The observations above M are those that aren't colored red. There are also 27 of them. The median of these 27 values is found in position 13 as well (you need only compute the position number for one of the two quartiles; that position will work for both). The upper quartile is underlined: Q3 = 23000.

Note: The median might also be referred to as the "middle" or second quartile.

Interquartile Range

Interquartile Range IQR
The interquartile range IQR is the distance between the two quartiles. IQR = Q3 - Q1. The IQR is one measure of a distributions spread.

The interquartile range should accompany the median as an appropriate measure of spread.

Example

For the psychology graduates we found an upper quartile of 23000 and a lower quartile of 16900. Then IQR = 23000-16900 = 6100.


Standard Deviation

Denote the n observations in the data set X1, X2, X3, . . . , Xn.

Before computing the standard deviation you must compute the mean. (The data need not be sorted.)

To find the variance of the n observations

  1. Find the mean
  2. Find the deviation of each observation from the mean. There will be n of these.
  3. Square each of these.
  4. Sum the squared deviations.
  5. Divide the sum by (n - 1).

S2 is the symbol used for the variance.

The standard deviation S is the square root of the variance. We will always use the standard deviaiton; computing the variance is at most an intermediate step.

Example

If forced to compute a standard deviation by hand, this is how I go about it. The data are listed in the red column of the table

Value Deviation Deviation2
4 -3 9
14 7 49
9 2 4
2 -5 25
6 -1 1
Total 0 88

Find the mean. The mean is 7 (see above).

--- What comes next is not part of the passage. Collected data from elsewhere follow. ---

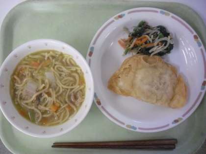 今日の献立は、牛乳、たんめん、ツナとポテトのパリッと揚げ、塩ナムルです。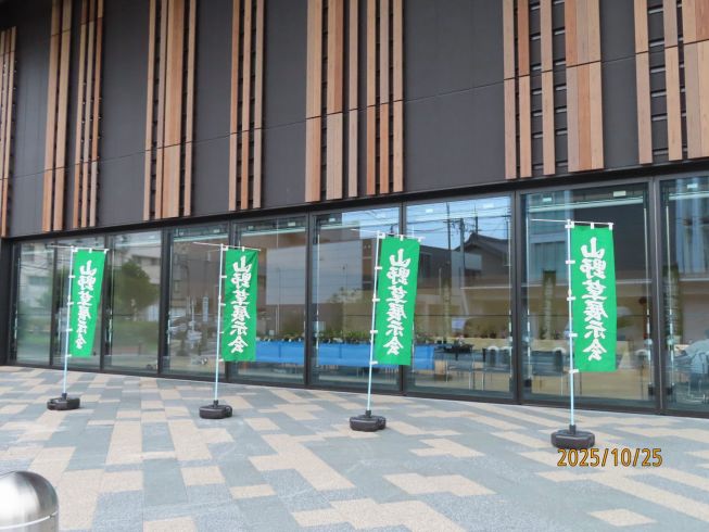 東海市創造の杜交流入り口脇に 山野草展示会ののぼり |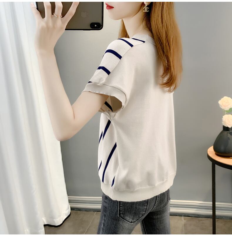 カシュクール風ニットソー ストライプ Vネック 半袖 薄手 春夏 大人きれい 20代 30代 40代 50代 tp1080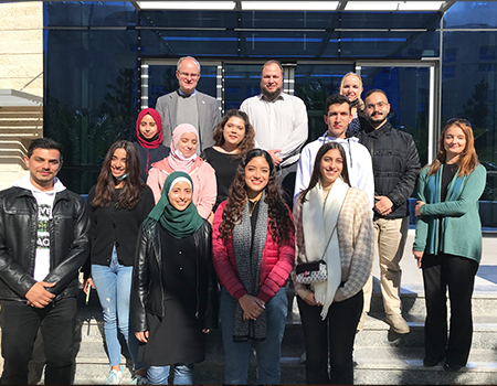 On Wednesday, November 24, 2021, the Vice President for International Affairs, Prof. Ralf Roßkopf, and the Director of the German Language Center (GLC), Jacqueline Rogler, at the German Jordanian University (GJU)و visited the students of the first B2 course in the presence of coordinator of the course, Samir Haskic, and the course instructor, Friederike Haumann.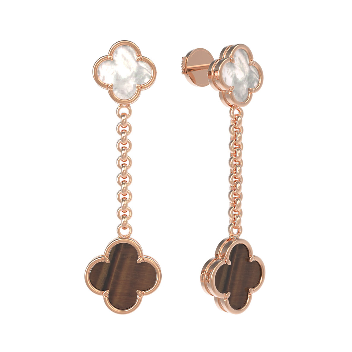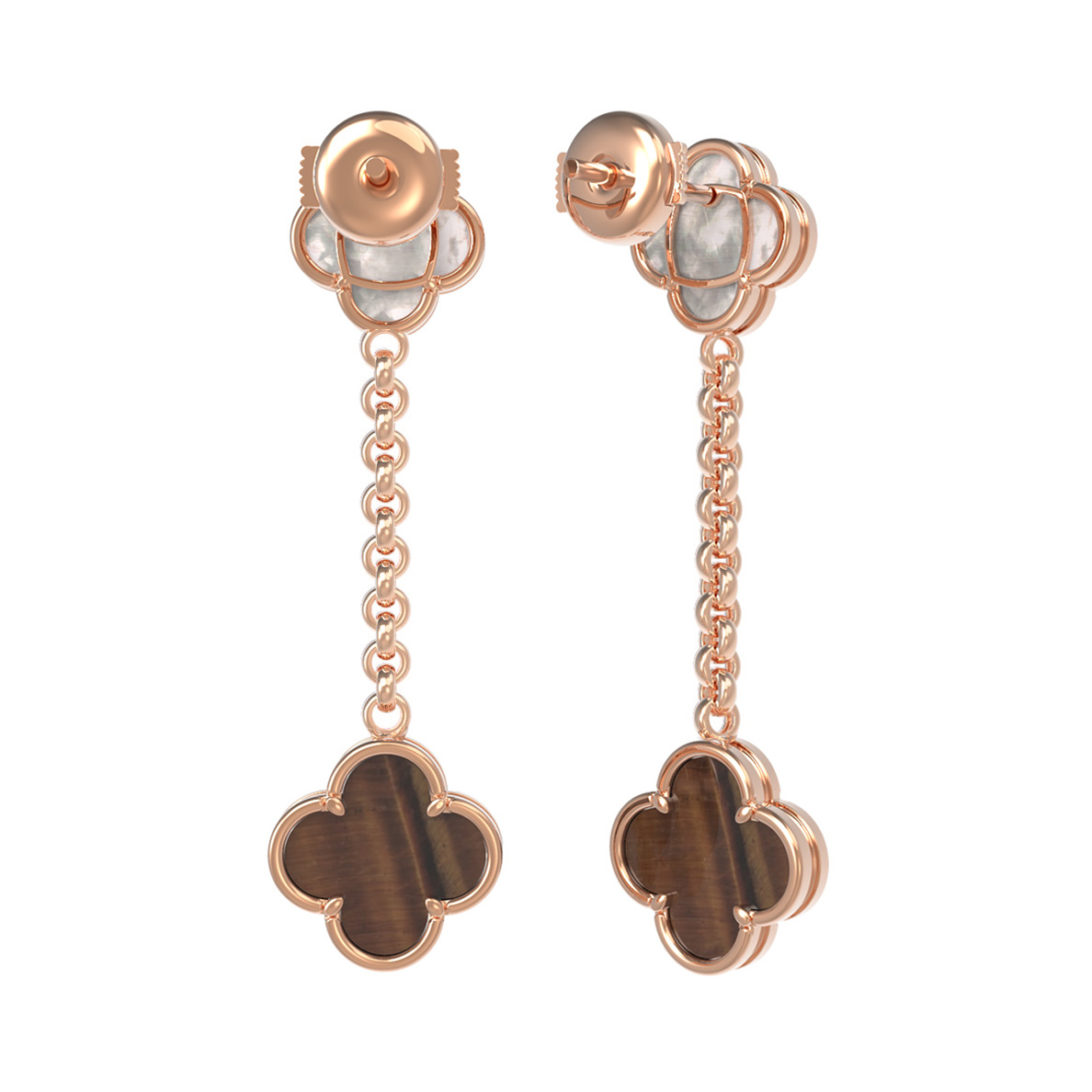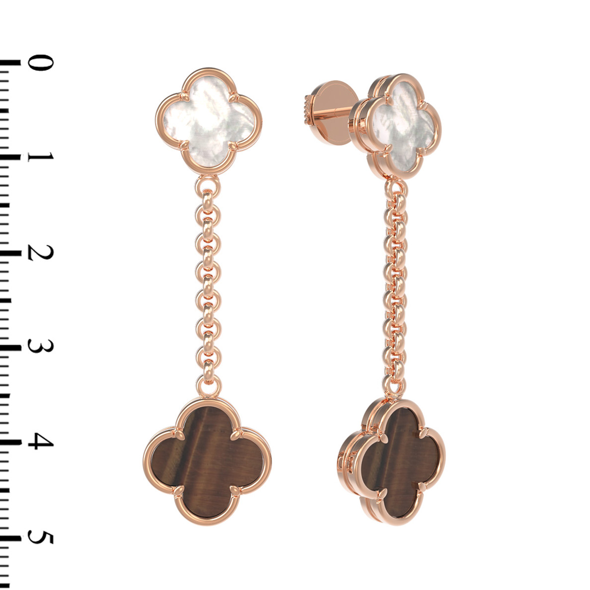 Ювелирная работа отличается искусным сочетанием материалов: в центре внимания оказались две вставки — нежный перламутр с его мягким сиянием и глубокий оранжевый тигровый глаз, известный своим уникальным переливом. Контраст этих камней создает завораживающий эффект, делая аксессуар универсальным и подходящим как для женщин, так и для мужчин. Благодаря подвижному соединению элементов, серьги при каждом движении красиво подчеркивают линию шеи, добавляя образу динамики и легкости.

For each observation, compute deviation = value - mean. I've placed these values in the silver column of the table. For instance, the 1st value in the data set is 4: deviation = 4 - 7 = -3. If a deviation is negative it indicates an observation below the mean, if positive it indicates an observation above the mean. Note that the deviations add to 0. This is true for any set of numbers and is a general property of the mean. The deviations to the left (below the mean) and to the right (above the mean) have identical sums.

Square each deviation. I've done this in the blue column. For example, the 1st value in the data set is 4, the corresponding deviation is -3. Squaring -3 results in 9. This column should contain all postive values.

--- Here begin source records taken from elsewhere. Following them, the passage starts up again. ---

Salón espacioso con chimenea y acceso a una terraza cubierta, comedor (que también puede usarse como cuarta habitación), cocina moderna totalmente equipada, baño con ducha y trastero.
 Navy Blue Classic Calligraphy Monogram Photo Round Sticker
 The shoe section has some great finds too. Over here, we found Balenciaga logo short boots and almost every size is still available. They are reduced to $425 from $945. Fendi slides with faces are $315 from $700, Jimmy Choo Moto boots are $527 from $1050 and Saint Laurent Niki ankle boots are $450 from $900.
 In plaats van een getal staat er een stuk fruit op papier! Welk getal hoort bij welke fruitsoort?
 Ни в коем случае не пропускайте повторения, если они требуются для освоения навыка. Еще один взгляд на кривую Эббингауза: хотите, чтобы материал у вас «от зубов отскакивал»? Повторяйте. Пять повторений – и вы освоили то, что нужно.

Sum the squared deviations. Add the values in the blue column. Their sum is 88.

Divide this sum by one fewer than the number of observations; the resulting value is the variance. There are 5 observations, less one gives 4. 88/4 = 22. The variance is S2 = 22.

The square root of the variance is the standard deviation. The square root of 22 is 4.69, so the standard deviation is S = 4.69 (rounding to 4.7 would be appropriate).

Note
Most calculators costing over $10 have built-in statistical functions. Entering the data and pressing the proper sequence of keys will produce the standard deviation without requiring any computing by hand. Consult your calculator's instruction manual for the details. Or, see your friendly local stats guru---(s)he may be able to show you how to do this.